После километра на разогрев Карим поднажал. Сначала надзиратели без проблем следовали за ним, затем, когда стало очевидно, что он собирается увеличить привычную дистанцию, стали давать слабину.

Никому из них не приходило в голову, что Феннек использует свои тренировки, чтобы изучить окрестности, прилегающие к ферме. В конце концов он пришел к мысли, что он узник. Доступа к прессе у него больше не было, а телевизор всегда выключали во время новостей. Последний сеанс дебрифинга состоялся три дня назад. С тех пор ни один офицер не приходил к нему, и, несмотря на то что напоследок Мишель сказал: «Скоро вы сможете вернуться домой», Карим все меньше и меньше был в этом уверен. Его держат в заключении на весьма сомнительных основаниях.

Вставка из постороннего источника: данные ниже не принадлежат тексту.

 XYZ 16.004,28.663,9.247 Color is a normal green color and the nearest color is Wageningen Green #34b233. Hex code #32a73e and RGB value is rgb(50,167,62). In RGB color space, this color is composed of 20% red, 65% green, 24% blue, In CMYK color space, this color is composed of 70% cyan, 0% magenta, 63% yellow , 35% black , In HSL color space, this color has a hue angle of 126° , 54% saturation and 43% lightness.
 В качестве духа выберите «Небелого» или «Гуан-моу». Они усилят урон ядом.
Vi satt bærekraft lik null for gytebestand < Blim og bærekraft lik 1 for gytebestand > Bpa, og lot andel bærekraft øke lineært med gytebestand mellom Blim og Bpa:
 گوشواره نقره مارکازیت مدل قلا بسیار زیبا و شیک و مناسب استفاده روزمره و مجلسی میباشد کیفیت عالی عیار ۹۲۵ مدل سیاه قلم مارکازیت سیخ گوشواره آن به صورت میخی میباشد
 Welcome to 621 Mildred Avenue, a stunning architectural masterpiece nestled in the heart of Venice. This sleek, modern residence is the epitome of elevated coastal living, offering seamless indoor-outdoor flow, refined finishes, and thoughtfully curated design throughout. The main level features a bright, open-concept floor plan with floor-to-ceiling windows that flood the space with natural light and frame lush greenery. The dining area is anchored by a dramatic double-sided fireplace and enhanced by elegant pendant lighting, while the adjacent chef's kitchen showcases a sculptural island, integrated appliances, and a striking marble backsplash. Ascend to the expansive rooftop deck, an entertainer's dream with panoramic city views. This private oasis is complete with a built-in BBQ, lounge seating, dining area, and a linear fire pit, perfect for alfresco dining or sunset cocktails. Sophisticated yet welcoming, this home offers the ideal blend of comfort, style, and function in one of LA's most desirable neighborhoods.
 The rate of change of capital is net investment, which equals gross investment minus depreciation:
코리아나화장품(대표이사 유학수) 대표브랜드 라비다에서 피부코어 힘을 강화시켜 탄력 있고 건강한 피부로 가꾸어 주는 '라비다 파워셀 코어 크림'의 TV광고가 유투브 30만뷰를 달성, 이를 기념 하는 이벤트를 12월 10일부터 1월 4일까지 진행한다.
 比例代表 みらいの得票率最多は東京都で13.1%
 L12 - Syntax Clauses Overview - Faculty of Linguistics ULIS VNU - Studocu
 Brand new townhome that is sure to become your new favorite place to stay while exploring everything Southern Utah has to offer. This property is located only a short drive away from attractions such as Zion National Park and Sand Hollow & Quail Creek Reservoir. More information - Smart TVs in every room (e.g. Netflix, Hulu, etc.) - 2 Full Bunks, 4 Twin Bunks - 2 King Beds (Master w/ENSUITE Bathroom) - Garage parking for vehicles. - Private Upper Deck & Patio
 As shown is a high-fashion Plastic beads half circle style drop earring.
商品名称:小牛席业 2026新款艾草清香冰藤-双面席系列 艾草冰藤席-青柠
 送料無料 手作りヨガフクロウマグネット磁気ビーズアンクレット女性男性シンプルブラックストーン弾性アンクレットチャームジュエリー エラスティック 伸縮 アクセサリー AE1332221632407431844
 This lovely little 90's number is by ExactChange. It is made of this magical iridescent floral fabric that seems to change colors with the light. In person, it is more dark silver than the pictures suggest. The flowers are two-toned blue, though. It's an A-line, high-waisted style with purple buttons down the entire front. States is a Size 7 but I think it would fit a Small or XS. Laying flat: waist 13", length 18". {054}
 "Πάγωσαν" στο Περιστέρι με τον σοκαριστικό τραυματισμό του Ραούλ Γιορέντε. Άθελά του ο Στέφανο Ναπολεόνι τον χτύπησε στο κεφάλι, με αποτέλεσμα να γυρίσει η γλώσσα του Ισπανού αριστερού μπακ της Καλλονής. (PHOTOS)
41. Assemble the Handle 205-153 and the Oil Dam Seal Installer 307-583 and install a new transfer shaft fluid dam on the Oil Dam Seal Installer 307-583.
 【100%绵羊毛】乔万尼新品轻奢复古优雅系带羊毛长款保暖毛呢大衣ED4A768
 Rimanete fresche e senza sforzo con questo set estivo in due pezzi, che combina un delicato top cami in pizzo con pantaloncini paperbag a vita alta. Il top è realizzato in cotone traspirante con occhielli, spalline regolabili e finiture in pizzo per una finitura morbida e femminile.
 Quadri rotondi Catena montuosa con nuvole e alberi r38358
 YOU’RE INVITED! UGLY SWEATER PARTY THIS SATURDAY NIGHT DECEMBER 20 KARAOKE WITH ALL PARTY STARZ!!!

Очевидно, история «Эль-Хаджа» еще не закончена, хотя Мишель всегда старательно избегает ответов на вопросы Карима на эту тему. Бесплодность его бесед с новым куратором, многочисленные расспросы этого последнего, например относительно состояния духа исламистов или возможных незадокументированных контактов идентифицированных членов ячейки, заставляли агента думать, что Управление военной разведки пытается предупредить возможные колебания своего коммандо.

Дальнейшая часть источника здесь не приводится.